実は年末に主治医と話し合って、試験的にリタリンを減らして様子を観察しているのだ。

昇平がADHDの治療薬リタリンの服用を始めたのは、4才4か月のとき。たいていは適量が見つかるまで調整期間が必要になるのだが、彼の場合は最初の処方でうまく決まり、一日15mgの量を朝昼2回に分けて服用するようになった。リタリンは土日や長期休暇には休薬することも多いのだが、様子を観察するうちに昇平には合わないと感じられたので、休薬日も設けなくなった。
以来5年間、昇平はリタリンを飲み続けている。処方量もずっと同じだが、体がどんどん成長しているのに量が変わらないということは、相対的に減ってきていることになるのかもしれない。彼はリタリンに耐性ができにくい体質だったようで、飲み続けていても効き目が落ちてこないのも幸いだった。

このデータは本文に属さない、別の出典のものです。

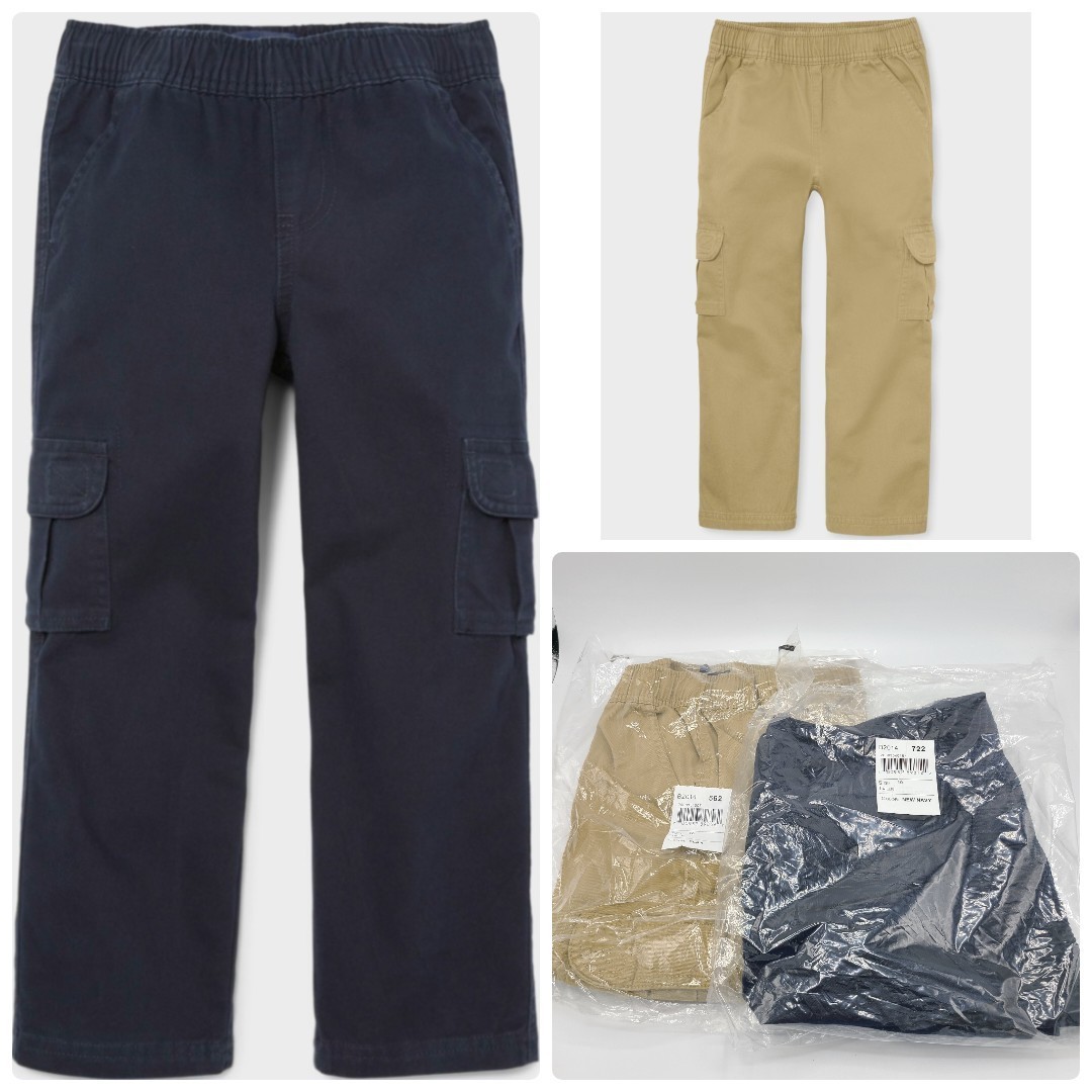 Children's Place Boys Pull On Cargo Pants Twill Navy Tan Flax 10 Bundle of 2

そうするうちに、日記でもご承知の通り、昇平はずいぶん成長して行動も落ちつき、いろいろなことが分かるようになってきた。夜になってリタリンが切れても、以前のように大きく行動が変化することはなくなった。確かに日中よりは落ちつきなくなるが、「なんだか落ちつかないみたいだねぇ」と声をかけると、「ぼく、落ちつくよ」と返事をして、椅子に座る、走り回らずに歩く等の行動を見せるようになった。自分の行動を自分でコントロールしようとする意志が育ってきているのだ。
話しかけたときの反応や受け答えのしかたも、ずいぶんしっかりしてきた。物事の理解も良くなってきて、「これはどういうことかな?」と自分なりに考えたり質問したりすることも増えている。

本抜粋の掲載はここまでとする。